I'd need proof of what happened, especially if Disney was going to somehow make this go away. I had no doubt in my mind, right from the start, that even if it was just gross negligence, Disney was RESPONSIBLE for this.
That's when Mickey, that photo negative, opposite-Mickey in the middle of the floor, started to get up.
First sitting up, then climbing to its feet, the Mickey Mouse costume... or whoever was inside of it, stood there at the center of the room, its fake face just starting directly at me as I mumbled "No..." over and over and over. 

With shaking hands, a violently thrashing heart, and legs that had once again turned to jelly, I managed to lift the camera and aim it at the opposite creature now quietly sizing me up.

The digital camera's screen displayed only dead pixels in the shape of the thing. It was a perfect silhouette of the Mickey costume. As the camera moved in my unsteady hands, the dead pixels spread, marring the screen wherever Mickey's outline moved to.

Then the camera died. Went blank and quiet and... broken.
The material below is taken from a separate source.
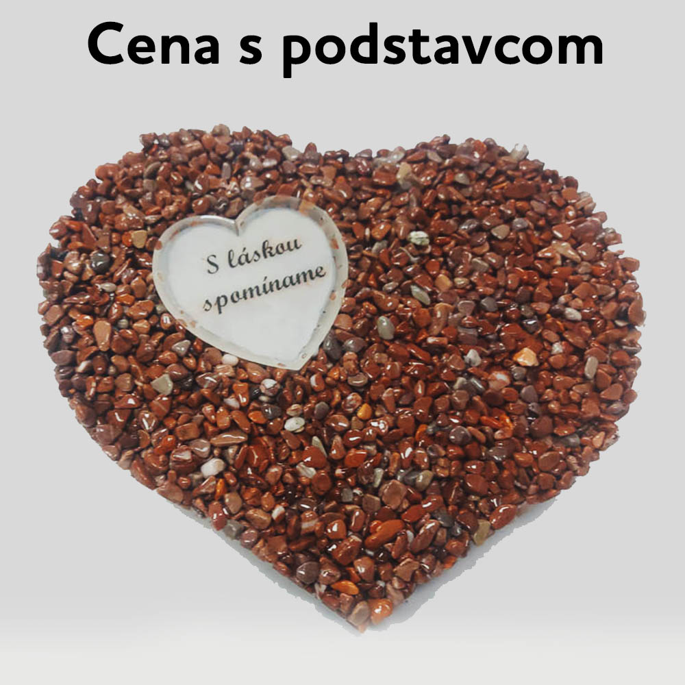 V cene je srdiečko z kamienkov zaliatych do živice, podstavec, okrasný prvok s textom „S láskou spomíname“ taktiež zaliaty do živice a ručné zdobenie kvetinovou výzdobou.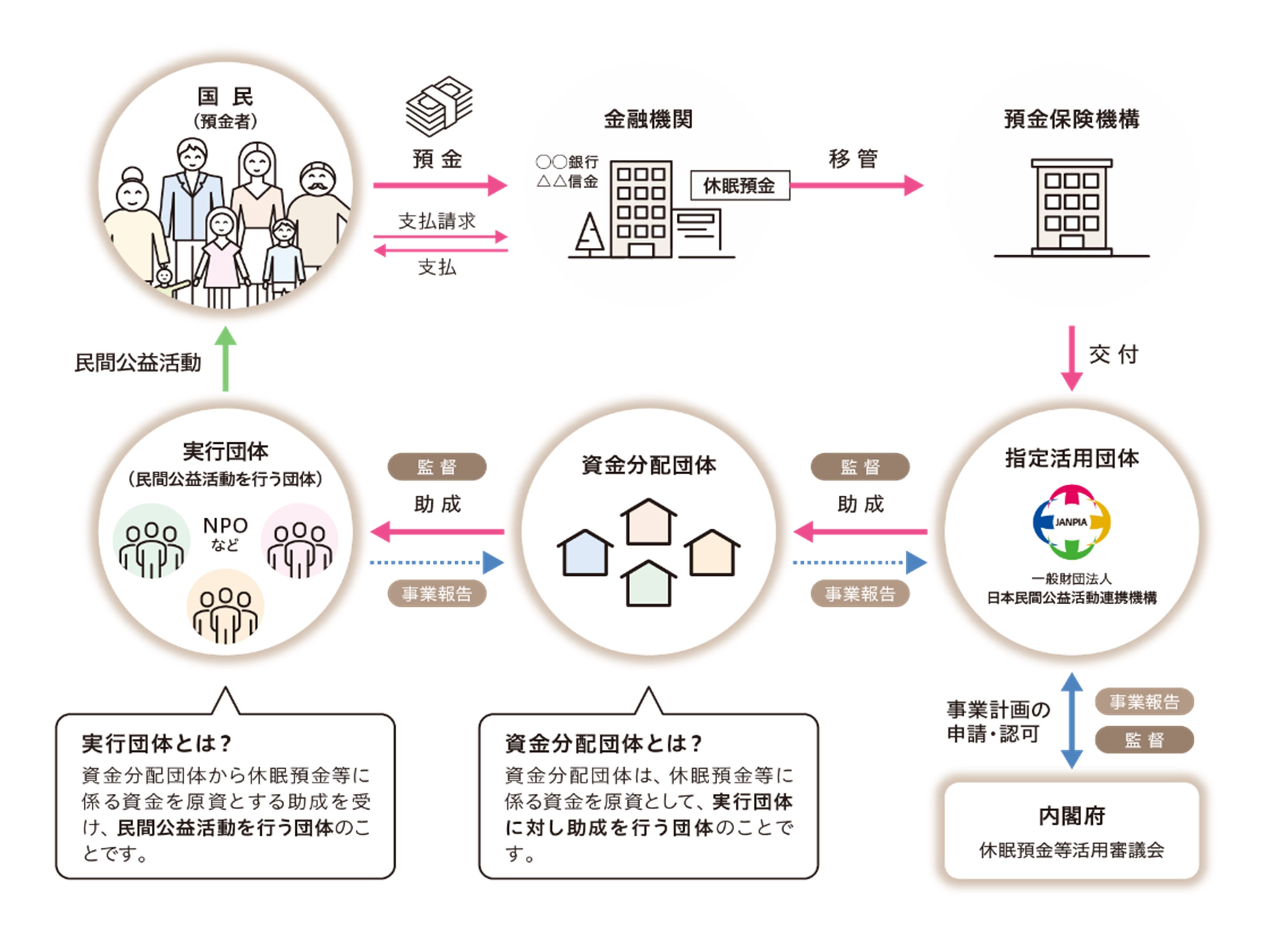 [休眠預金の流れ(JANPIA ウェブサイトより)]

I raised my eyes once again to the Mickey Mouse costume.

"Hey," it said in a hushed, perverted, but perfectly executed Mickey Mouse voice, "Wanna see my head come off?"
It started to pull at its own head, working its clumsy, glove-clad fingers around its neck with clawing, impatient movements similar to a wounded man trying to pull himself free of a predator's jaws...
As it worked its digits into its neck... so much blood...
So much thick, chunky, yellow blood...
I turned away as I heard a sickening tearing of cloth and flesh... only cared about getting away. Above the doorway out of this room, I saw the final message clawed into the metal with bone or fingernails...
"ABANDONED BY GOD"
I never got the pictures out of the camera. I never wrote the blog entry about it. After I ran from that place, fled for my sanity if not my very life, I knew why Disney didn't want anyone to know about this place.
They didn't want anyone like me getting in.
They didn't want anything like that getting out.